It uses a subschema's root data type to process the data structure.
'schema' Limitations
- Supported in Version 1 only (Use templates in version 2)
- Not customizable
'schema' Schema
type: 'schema'
description: < str >
subschema: < str >
'string' Data Type
'string' Description
This data type represents a string.
'string' Limitations
- autogeneration is not supported.
'string' Schema
type: 'string'
description: < str >
reference:
allow_namespace_lookups: < bool >
namespace_separator_char: < string >
minimum: <int | default -> 0 >
maximum: < int >
allowed_values:
- < string >
not_allowed_values:
- < string >
regex_mode: < bool | default -> false >
regex_multiline: < bool | default -> false >
regex_fullmatch: < bool | default -> true >
Special Data Types
'fqdn' Data Type
'fqdn' Description
This data type represents a full-qualified domain name. A FQDN consits of
a hostname (first label; defined by by RFC 953 and RFC 1123) and domain name
(remaining labels; defined by RFC 1035 section 2.3.1.).
RFCs allows and ignores upper cases in hostnames and domain labels.
This is not the default case in cd2t validation.
cd2t creates a finding on upper cases. If upper cases
should be ignored by cd2t, set option 'strict_lower' to false.
'fqdn' Limitations
'fqdn' Schema
type: 'fqdn'
minimum: < 4-255 | default -> 4 >
maximum: < 4-255 | default -> 255 >
minimum_labels: < int | default -> 2 >
maximum_labels: < int >
allowed_values:
- < string >
not_allowed_values:
- < string >
strict_lower: < bool | default -> true >
'hostname' Data Type
'hostname' Description
This data type represents a internet hostname defined by RFC 953 and RFC 1123.

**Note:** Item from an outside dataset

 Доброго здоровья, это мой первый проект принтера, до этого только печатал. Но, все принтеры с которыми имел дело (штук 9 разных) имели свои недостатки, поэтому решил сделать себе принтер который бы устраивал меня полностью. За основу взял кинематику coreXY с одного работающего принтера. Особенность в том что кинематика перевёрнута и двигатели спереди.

Thus, a hostname contains ASCII character a through z, digits 0 through 9 or
hyphen-character '-'. A hostname is 1 to 63 characters long.

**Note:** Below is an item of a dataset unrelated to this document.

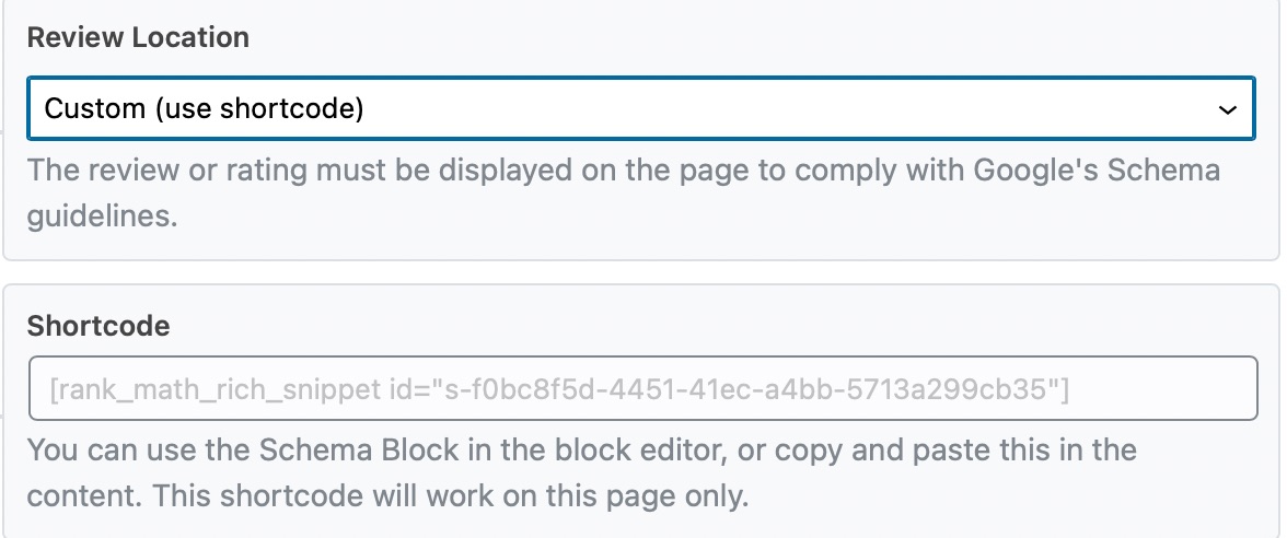 If you use the first 3 options, then the Schema will be added to the page automatically. But if you choose to use the Custom option, you need to copy and paste this shortcode inside your post.

RFCs allows and ignores upper cases in hostnames. This is not the default case
in cd2t validation. cd2t creates a finding on upper cases. If upper cases
should be ignored by cd2t, set option 'strict_lower' to false.
'hostname' Limitations
'hostname' Schema
type: 'hostname'
minimum: < 1-63 | default -> 1 >
maximum: < 1-63 | default -> 63 >
allowed_values:
- < string >
not_allowed_values:
- < string >
strict_lower: < bool | default -> true >
'hostname' Validation Process
- If 'strict_lower' is true: Check for upper cases in hostname
- Check on allowed characters
- Chech minimum and maximum length
- Check on not allowed values
- Check on allowed values
'ip' Data Type
'ip' Description
This data type represents an IP object. Meaning, IPv4 or IPv6 as well as address,
network or interface.
'ip' Limitations
'ip' Schema
type: ip
version: < 4 | 6 >
loopback: < bool >
link_local: < bool >
private: < bool >
public: < bool >
multicast: < bool >
allowed_values:
- < IP address string >
# Data must match one of the values.
not_allowed_values:
- < IP address string >
# Data mustn't match all values.
'ip_address' Data Type
'ip_address' Description
This data type represents an IP address.
'ip_address' Limitations
'ip_address' Schema
type: ip
version: < 4 | 6 >
loopback: < bool >
link_local: < bool >
private: < bool >
public: < bool >
multicast: < bool >
allowed_values:
- < IP address string >
# Data must match one of the values.
not_allowed_values:
- < IP address string >
# Data mustn't match all values.
allowed_subnets:
- < IP network string >
# IP address must be within one of the networks
not_allowed_subnets:
- < IP network string >
# IP address mustn't be within any of the networks
'ip_network' Data Type
'ip_network' Description
This data type represents an IP network.
'ip_network' Limitations
'ip_network' Schema
type: ip
version: < 4 | 6 >
loopback: < bool >
link_local: < bool >
private: < bool >
public: < bool >
multicast: < bool >
allowed_values:
- < IP address string >
# Data must match one of the values.
not_allowed_values:
- < IP address string >
# Data mustn't match all values.
allowed_subnets:
- < IP network string >
# IP address must be within one of the networks
not_allowed_subnets:
- < IP network string >
# IP address mustn't be within any of the networks
minimum_prefix_length: < int >
# 0 < lenght < 32|128 (v4|v6)
maximum_prefix_length: < int >
# 'minimum_prefix_length' < lenght < 32|128 (v4|v6)
'ip_interface' Data Type
'ip_interface' Description
This data type represents an IP interface (address with subnet prefix length,
i.e. 10.1.1.21/24).
'ip_interface' Limitations
'ip_interface' Schema
type: ip
version: < 4 | 6 >
loopback: < bool >
link_local: < bool >
private: < bool >
public: < bool >
multicast: < bool >
allowed_values:
- < IP address string >
# Data must match one of the values.
not_allowed_values:
- < IP address string >
# Data mustn't match all values.
allowed_subnets:
- < IP network string >
# IP address must be within one of the networks
not_allowed_subnets:
- < IP network string >
# IP address mustn't be within any of the networks
General Data Type Options
Default Value
Defining a default value for documentation purpose. I.e. if object attribute is missing.
default_value: < value >
Description
Description of the value. Can be a single string or a list of strings.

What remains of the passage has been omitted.